Dans certaines bibliothèques, on voit des échelles roulantes, de dimensions fort grandes, et qui tiennent par elles-mêmes un espace assez étendu: ce sont de véritables édifices; on dirait des tours roulantes des anciens croisés; nous en avons même vu qui étaient à plusieurs étages et pourvues de plates-formes, où l’on pouvait se tenir commodément. Quelquefois, ce sont des échelles doubles, que l’on peut amener devant les rayons, et sur lesquelles on monte à telle ou telle hauteur, suivant la hauteur des rayons où l’on veut atteindre.

A ces divers systèmes, nous préférerions encore une échelle simple, dont le haut serait muni de crochets, telles que celles dont se servent les ouvriers chargés de l’entretien des becs de gaz dans les rues des villes. Seulement, tout le long des rayons serait fixée, à une hauteur convenable, une forte tringle en fer d’environ 2 centimètres de diamètre, et à laquelle s’accrocherait l’échelle: de cette manière, celle-ci aurait toute la solidité désirable. Ce système est en usage dans la plupart des bibliothèques de Paris. Il a l’avantage de tenir peu de place; son usage est commode et facile, et il joint la solidité à la légèreté. Il est aussi recommandé par M. J. Petzholdt, dans l’ouvrage que nous avons déjà cité, et qui, sur ce point particulier, s’exprime ainsi: «Pour conjurer le plus possible tout danger de la part des échelles, il faut avoir, soin, en les rendant d’un maniement facile, qu’elles soient fermes et munies, à leur extrémité supérieure, de crochets de fer, qui empêchent tout écartement, en s’engageant dans une rainure laissée en avant du deuxième ou troisième rayon à partir du haut, et assurée par une sorte de rail en fer placé en avant» . Cette disposition, comme on le voit, est d’une grande simplicité pratique, ce qui n’est pas un faible mérite.

Nous ne pouvons terminer ce chapitre sans dire aussi quelques mots du chauffage et de l’éclairage des salles.

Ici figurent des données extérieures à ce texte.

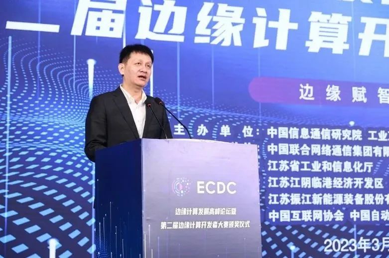 2023年3月23日,由中国信息通信研究院(简称“中国信通院”)、工业互联网产业联盟(简称“AII”)、边缘计算产业联盟(简称“ECC”)共同主办的边缘计算发展高峰论坛暨第二届边缘计算开发者大赛颁奖仪式在江苏省江阴市举行。工业和信息化部信息通信管理局业务资源处处长赵阳,中国信通院总工程师敖立,江苏省工业和信息化厅二级巡视员常如平,无锡市委常委、江阴市委书记许峰等领导出席活动并致辞。中国信通院技术与标准研究所副所长汤立波主持本次活动。
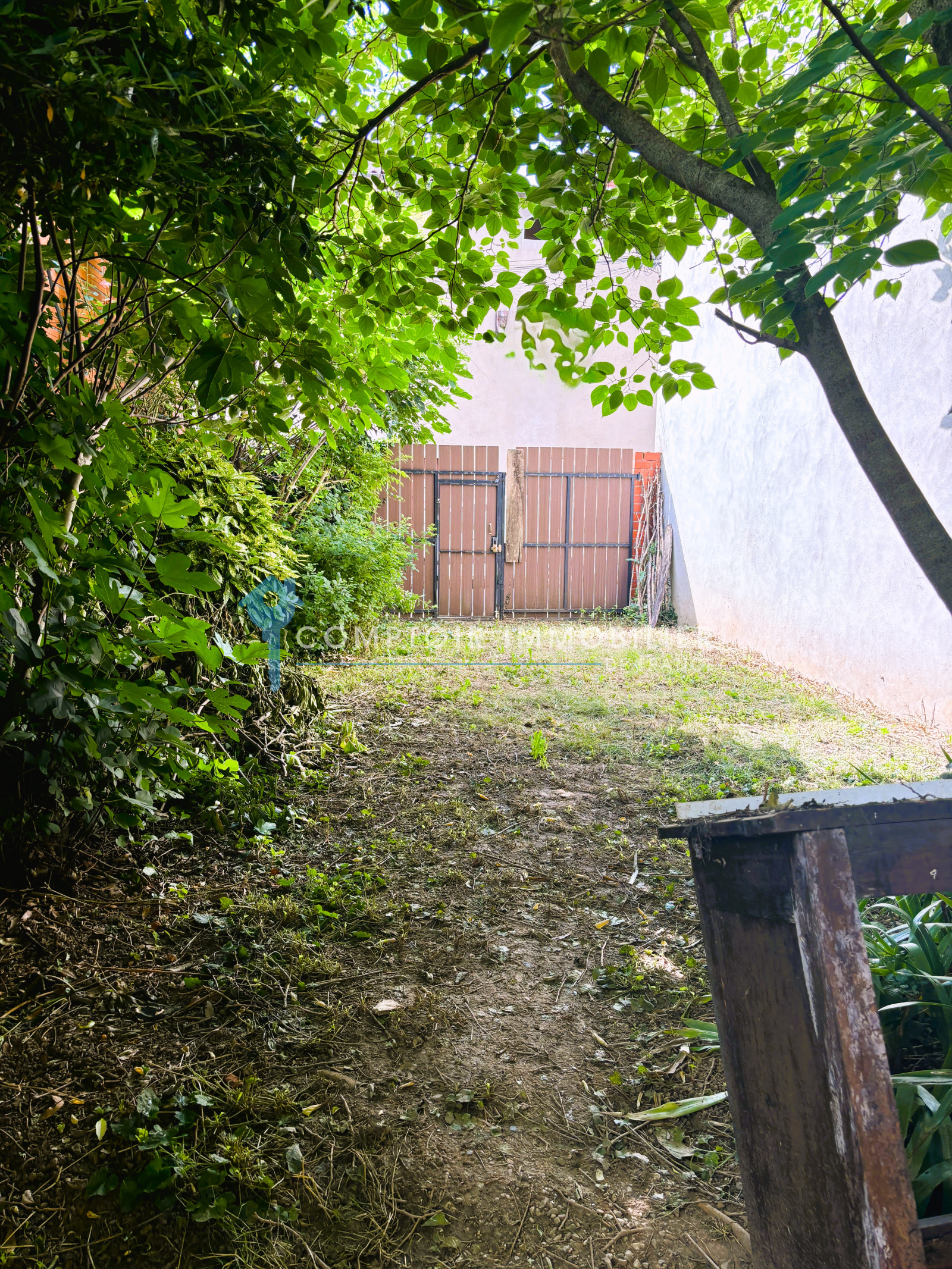 Le jardin est doté d'un portail. et peut permettre d'accéder à l'étage . Possibilité également d'y stationner.

Pour ce qui regarde le premier de ces deux points, le système que nous devrons préférer sera certainement celui qui fournira le chauffage le plus régulier, qui donnera à toutes les parties une température uniforme, et que l’on pourra mesurer facilement suivant les rigueurs de la saison. Dans cette vue, un calorifère dont le foyer serait dans le sous-sol et qui aurait des bouches s’ouvrant dans les différentes salles, serait le plus avantageux. Il faudrait prendre garde toutefois que les bouches ne s’ouvrissent pas trop près des rayons chargés de livres: une chaleur trop intense pourrait endommager les reliures. Si l’on pouvait les ouvrir de distance en distance au milieu du parquet même, cela serait pour le mieux. Si cette disposition n’était pas possible, il serait bon de ménager, au pied de l’un des murs, un espace libre. En outre, on pourrait adapter, au-dessus de la bouche, une plaque de tôle qui renverrait la chaleur à l’intérieur de la salle et garantirait les volumes placés au-dessus.

Toutefois l’établissement d’un calorifère à foyer souterrain peut n’être pas toujours praticable. Dans ce cas, qu’il y ait dans chaque salle un appareil proportionné à son étendue, mais dont le foyer ne soit point, autant que possible, découvert. La forme de cet appareil sera le plus souvent assez indifférente. On peut choisir la forme cylindrique ou octogonale, ou encore la forme d’une colonne. En tout cas, si l’on doit y brûler de la houille, il serait bon qu’il y fût adapté un récipient capable de contenir une certaine quantité d’eau. La vapeur de cette eau, se répandant dans la salle, viendrait corriger le mauvais effet du charbon.

Quant à l’éclairage, il nous suffira de quelques mots. Dans les bibliothèques où, aux jours d’hiver, il sera nécessaire, vu la prolongation des séances, de recourir à la lumière artificielle, il faudra avoir soin d’en disposer les foyers pour que les lecteurs puissent travailler sans fatigue, et qu’en même temps le service se fasse commodément. La lumière du gaz est celle dont l’usage est le plus simple et le plus facile. Pour l’usage des lecteurs, il y aura lieu de placer, au-dessus de chaque table et à une hauteur convenable, un ou deux becs, suivant la grandeur des tables. Ces becs seront munis de globes dépolis. Dans les salles qui ne seront pas affectées à la lecture, le nombre des becs sera proportionné à la grandeur des salles, mais ces becs seront placés beaucoup plus haut, pour ne pas gêner la circulation et le service.